The list of updates is as follows:

1. Single PCB to include all blocks except input and output connectors
2. Encapsulated toroidal transformer for PCB mounting
3. Double the capacitors in the regulator (2x2200uF for each polarity)
4. All electrolytic capacitors are now Panasonic FR series (newer and better than FC)
5. All 100nF decoupling capacitors are now polyester WIMA MKS02 (smaller, allowing them to be closer to TPA6120A). Not as great as the polypropylene Panasonic, but more than sufficient
6. ALPS Blue Velvet potentiometer
7. New heatsinks for the voltage regulators
8. All possible components switched to SMD
9. Rectifier diodes changed to 2A model
10. Delay On circuit has now its own voltage regulator
11. Delay On circuit error fixed – output was switched off when the large capacitors discharged, now this happens when the switch is turned off (well, around 50ms later)
12. Delay setting trim potentiometer is replaced with Bourns precise model for easier setting of desired delay
13. Power LED will now turn on and off together with the headphone relay
14. The new PCB has option for 115V in addition to 230V (supported by the new transformer)
15. New volume knob

Let’s take a closer look at the design decisions made, updates and why they were needed.

Circuit Design

Let’s start with the schematic. It is almost the same as the original project. I won’t describe every single component in details. You can find BOM file attached at the end of the article with more information.

Power Supply

The original design included toroidal transformer, mounted with a screw to the chassis. I wanted to mount it on the new PCB. I was surprised when I opened the chassis. The fire resistant insulation on the transformer’s input and output wires had started melting at room temperature (never sensed any heat coming from the amplifier). I don’t know what was used for impregnation of those braided insulation tubes, but it is literally dripping on the PCB and is sticking the cables to the chassis. Otherwise the transformer is just fine. I know I can replace those and clean up the transformer, but I decided to go for an encapsulated toroidal transformer. It is easier to mount on a PCB, has better shielding and looks better. The transformer I picked has double primary winding so it allows for usage with both 115V and 230V. It is Chinese YHDC brand. 2x12V, 35VA. Basically the same parameters as the old transformer.

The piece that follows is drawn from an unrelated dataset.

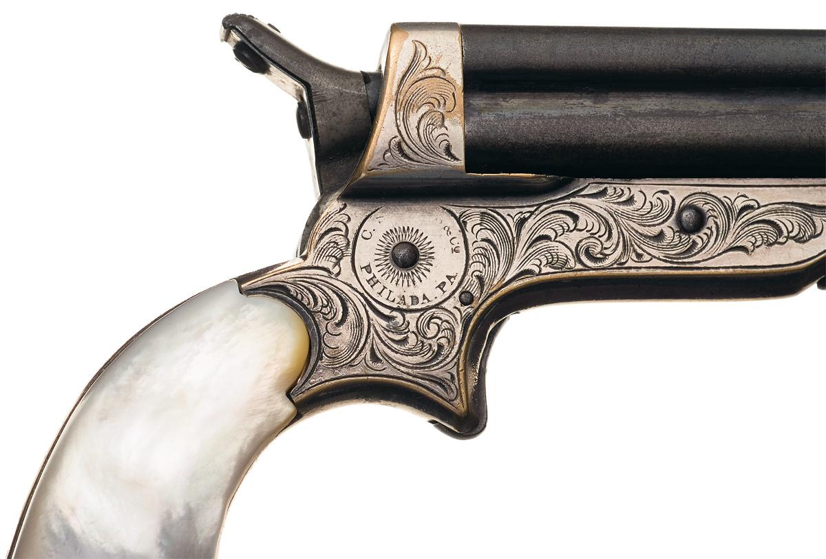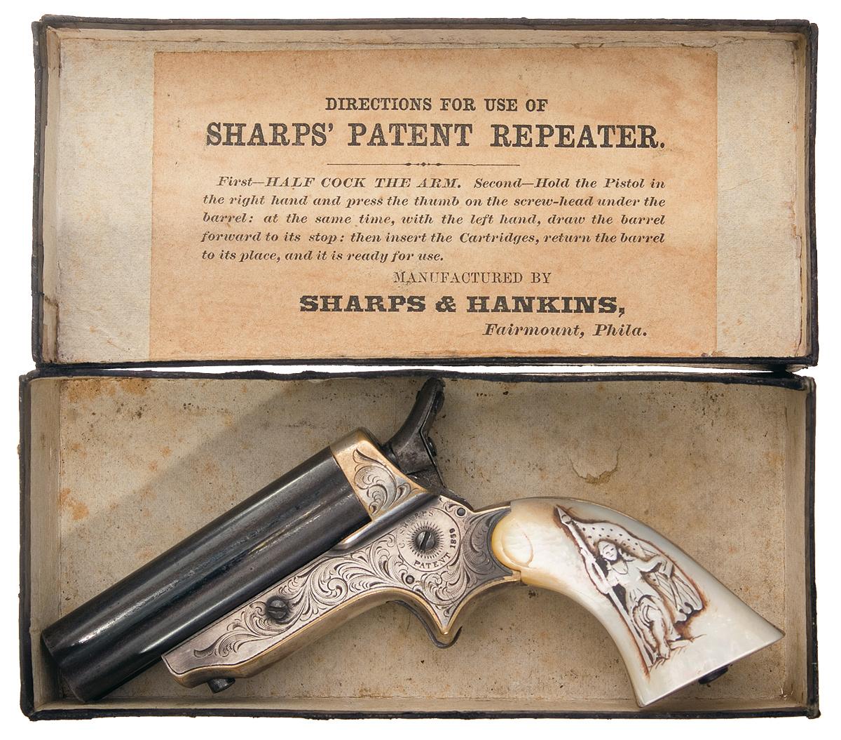Manufactured between 1859 and 1874, with only around 3,700 made. The barrels, hammer, trigger and barrel release are blue and the brass frame is silver plated. The sides of the frame and lower portion of the backstrap are nicely floral scroll engraved, and there is a sun burst around the rear sight notch. The left side of the frame is marked "C. SHARPS/ PATENT 1859" and the right side "C. SHARPS & Co / PHILADA. PA.". Bead front and frame notch rear sights, fitted with pearl grips with a relief carved man holding an American flag on the left side and smooth on the right side. The pistol is complete with an original two piece Sharps black box with the correct directions label affixed to the inside of the lid.

The old design had an analogue supply and a singe zener diode to provide the delay-on circuit with the required voltage. This time I decided to use completely separate supply block. It uses the same transformer though. I will start with the smaller supply block – the delay circuit one. It is single +5V supply so I used only 2 diodes to rectify the AC voltage. Those are 2A Schottky diodes. A 100μF capacitor follows. Large enough to ensure clean output voltage for the relay. The value was found by simulation in worst case condition. The circuit will work without that capacitor, but then fluctuation will be present in the regulator output as well as in the relay coil, which is close to the contacts and the sound path. The voltage regulator is 78L05, providing up to 100mA (more than enough for the relay and LED). The two smaller capacitors are as recommended in the datasheet.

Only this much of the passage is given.